Raf Schietekat wrote:
> Note: ***Urgent***: If you (Mandrake and maybe IBM) would like to have
> me perform specific tests on my system, perhaps with Mandrake 9.2 RC1,
> it will almost have to be this week, because next week I'd like to bring
> the server into production. Please use this opportunity!
No reaction, BTW, and now it's too late (I probably should have come
here before, but I did not know what SANE was, and then my message was
blocked for a while before I sent it again), or it would have to be to
help with a very targeted, convincing, and quick intervention (I would
have to invest time in a complete reinstallation, which I am obviously
reluctant to do). My workaround will be a cron(-like?) task that will
disable anything related to scanners every minute or so (the frequency
of the existing msec security check), to protect against accidental
updates that reinstate the code.
>
> Brief description: Mandrake 9.1 crashes systems with ServeRAID.

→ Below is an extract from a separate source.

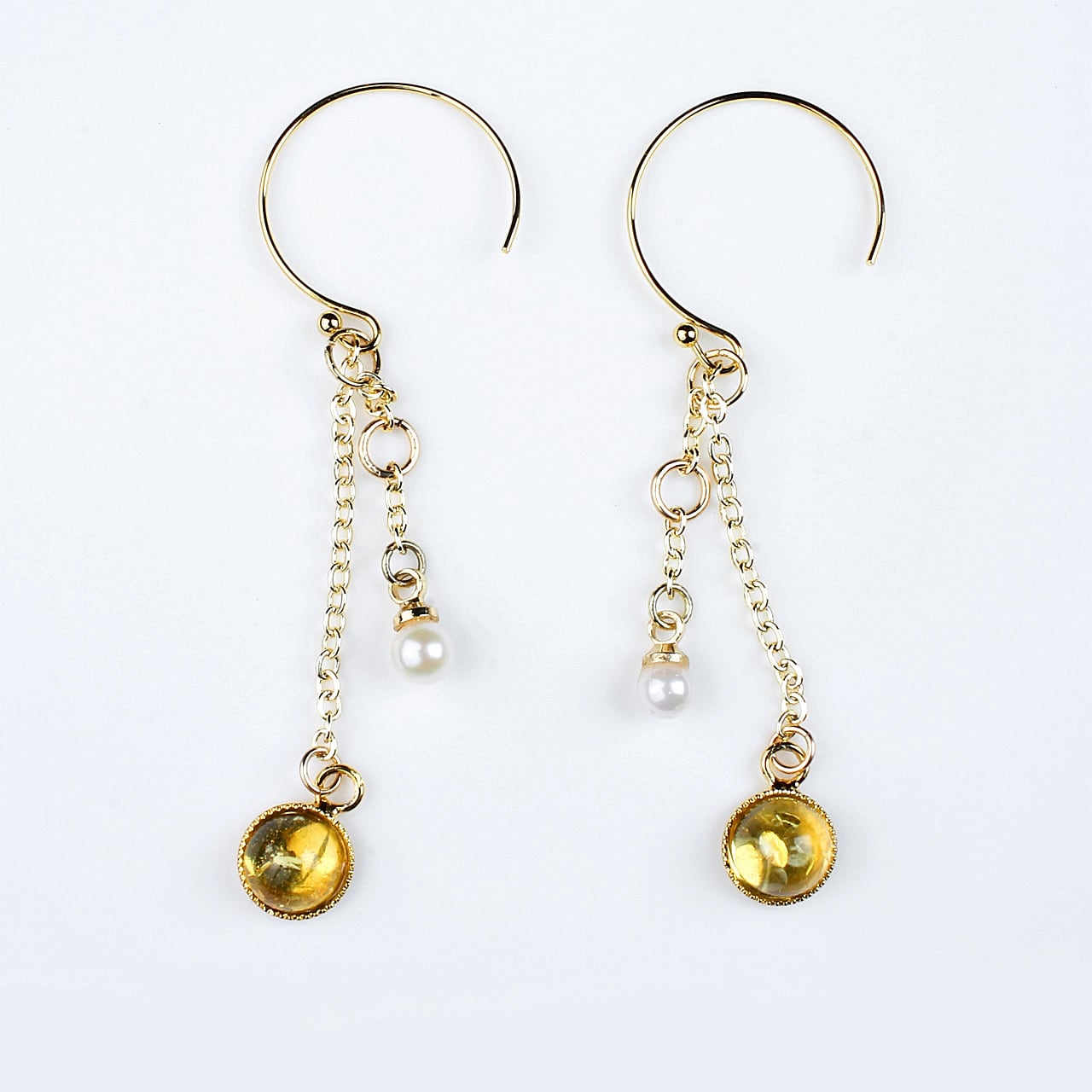 明るくハッピーなイメージのイエロカラーアンバー(琥珀)と、上品な光沢を放つあこやベビーパールを組み合わせたエレガントなフックピアス。
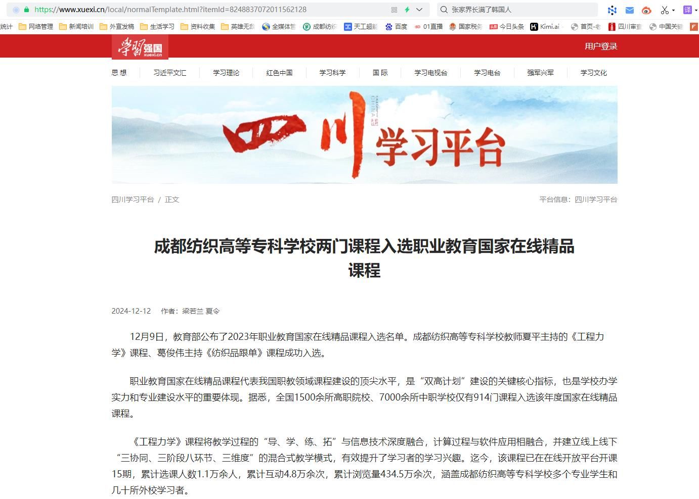 12月9日,教育部公布了2023年职业教育国家在线精品课程入选名单。bwin手机客户端教师夏平主持的《工程力学》课程、葛俊伟主持《纺织品跟单》课程成功入选。

> Extensive report below, including a reference to a previous bug report,
> currently marked as needing further information (well, here is the info).
>
> Raf Schietekat wrote:
>[...]
>> For [...], whom I've
>> included in cc, a resume, in case you want to step in: I've been
>> test-running an IBM xSeries 235 with ServeRAID 5i for several weeks,
>> with Mandrake 9.1 (probably still the most recent version). Yesterday,
>> I inserted two 3COM NICs in bus B, which also carries the ServeRAID 5i
>> card. To test that the latter was still independently running at full
>> 100 MHz speed as in the documentation and not dragged down to the
>> NICs' 33 MHz, I did "time tar cf - / | wc -l", which showed about 7.5
>> MB/s throughput as before (unless it was more like 10 MB/s before, I'm
>> not exactly sure). I then used drakconf to see whether the NICs were
>> identified correctly. I did this from a remote ssh -X session, which
>> froze up. I could not open another ssh connection. On the console
>> itself, the mouse pointer was still moving, but I could not type
>> anything into the logon screen. The bottom two drives were spinning
>> continuously, while the top one wasn't doing anything, this for a RAID
>> 5 setting involving all three drives. Since nothing seemed to work, I
>> did a reset (small button, I hope I shouldn't have used, e.g., the
>> power button instead). During reboot, the file system proved to be
>> corrupted, and could not be repaired (I will have to find out how to
>> do that, or reinstall everything).
>>
>> After some further research using www.google.com for ["Mandrake 9.1"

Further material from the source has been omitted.